Afinan detalles de la reglamentación para el ejercicio del lobby

En ambas cámaras hay acuerdo de establecer un texto legal común, antes del 28 de noviembre. Advierten algunas complejidades burocráticas en la implementación.

(Diario Financiero) Las comisiones de ética y transparencia del Senado y la Cámara, trabajan con celeridad en la elaboración de la nueva reglamentación que deberán redactar para el ejercicio del lobby en la actividad parlamentaria. Ello, tras la entrada en vigencia de la Ley 20.730, que regula dicha actividad. Dicho texto legal establece que cada órgano del Estado, de acuerdo a su propia autonomía e independencia, debe adecuarse a la nueva normativa, apelando a sus propios métodos. Así, ambas cámaras vienen trabajando hace dos semanas un borrador de reglamento, que está siendo discutido en detalle por sus miembros.

La idea final es que tras la aprobación en cada instancia, se convoque a una comisión mixta, para luego pasar a la Sala, para su aprobación final. Los temas centrales que se están abordando se refieren, por ejemplo, al registro viajes, reuniones y los donativos o regalos que podrá recibir cada parlamentario. Cada uno de estos ítems se deben clarificar, para luego ser entregados, los antecedentes al Consejo para la Transparencia. Tras este proceso de registro existirá un procedimiento de reclamación, sobre algún hecho que vulnere el reglamento para llevar adelante el proceso final que puede desembocar en una determinada sanción. Sanción que puede llegar a una multa y a una anotación en la hoja de vida de cada parlamentario, no contemplando castigos mayores, como la suspensión o expulsión. La comisión de ética, de cada cámara, es quien será la encargada de regular y fiscalizar todo este proceso.

Cambio de paradigma 


Algunos parlamentarios, que no pertenecen a las comisiones que trabajan en el texto, al ser consultados sobre qué saben de esta nueva ley y cómo les afectará, confiesan no estar al tanto de los verdaderos alcances que tendrá en la cotidianeidad de sus labores. Es por ello que, desde la Secretaría de la Cámara de Diputados, explican que se llevará a cabo un proceso de capacitación, para que cada diputado o senador sepa a qué atenerse. Así también, a todos los sujetos llamados pasivos (que reciben al lobbysta) y que incluye a asesores y otros profesionales que trabajen directamente en la labor parlamentaria.

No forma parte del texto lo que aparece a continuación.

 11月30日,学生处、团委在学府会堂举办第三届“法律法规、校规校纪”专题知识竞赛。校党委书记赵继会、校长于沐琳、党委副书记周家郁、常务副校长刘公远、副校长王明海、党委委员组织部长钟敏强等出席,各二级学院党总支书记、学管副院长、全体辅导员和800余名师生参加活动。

El presidente de la comisión de ética de la Cámara, Romilio Gutiérrez (UDI), explica que esta ley, y futura nueva reglamentación será un verdadero cambio de paradigma en las relaciones de los parlamentarios, con la ciudadanía y quienes representan sus intereses: “Se va a producir una cambio significativo en la relación de parlamentarios y, con gestores o lobbystas. Hasta hoy es una gestión desconocida por la ciudadanía, y ahora se podrá conocer públicamente la agenda de parlamentarios y profesionales sujetos a esta normativa legal y las reuniones de lobbystas que hacen gestiones en diversos temas”. El parlamentario explica que uno de los puntos importantes de esta ley es que cambiará la percepción que existe en la gente común, respecto a esta actividad, que muchas veces se aprecia como algo “secreto y turbio”. “Esta ley hará más transparente la gestión de todo el Congreso y fortalecerá y esclarecerá sus funciones”, enfatiza el diputado.

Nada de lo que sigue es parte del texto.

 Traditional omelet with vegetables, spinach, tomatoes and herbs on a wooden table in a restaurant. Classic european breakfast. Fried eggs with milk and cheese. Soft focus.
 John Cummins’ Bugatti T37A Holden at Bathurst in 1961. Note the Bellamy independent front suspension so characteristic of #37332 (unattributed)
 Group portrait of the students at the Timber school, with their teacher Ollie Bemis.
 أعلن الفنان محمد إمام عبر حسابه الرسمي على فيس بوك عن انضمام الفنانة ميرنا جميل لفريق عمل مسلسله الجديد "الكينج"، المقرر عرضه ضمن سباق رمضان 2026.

El presidente de la Cámara Baja, Aldo Cornejo (DC), agrega que esta apuntará a mejorar la mala imagen que se tiene de la actividad parlamentaria. “El secretismo y la opacidad en esta materia sólo han contribuido al desprestigio de la labor parlamentaria. Esperamos que con esta nueva ley, cada quien responda por lo que hace de frente a la ciudadanía, pero con información real y transparente”.


La implementación


El presidente de la comisión de ética y transparencia del Senado, Hernán Larraín (UDI), explica que, para elaborar la normativa, se tomo la experiencia norteamericana y europea. En la primera se registran actividades (reuniones viajes), mientras que en la segunda lobbyistas. Acá en Chile, clarifica el parlamentario, se optó por una fórmula mixta. Larraín sostiene que esta ley es un gran avance en la materia, y que, sin duda, marcará un cambio de práctica en la actividad de los parlamentarios. También, advierte, que en su etapa de implementación pueden surgir algunas complicaciones burocráticas y de logísticas, que ciertamente se pueden ir resolviendo con el tiempo y con la jurisprudencia que también se vaya creando: “La complejidad viene de una suerte de burocracia que se va crear. Van a haber trámites, formularios, una actividad a parte de las reuniones mismas; una actividad previa y posterior para transparentar. La ley propone una logística distinta. Es un tema que representará cambios de hábitos significativos”, sostiene el senador.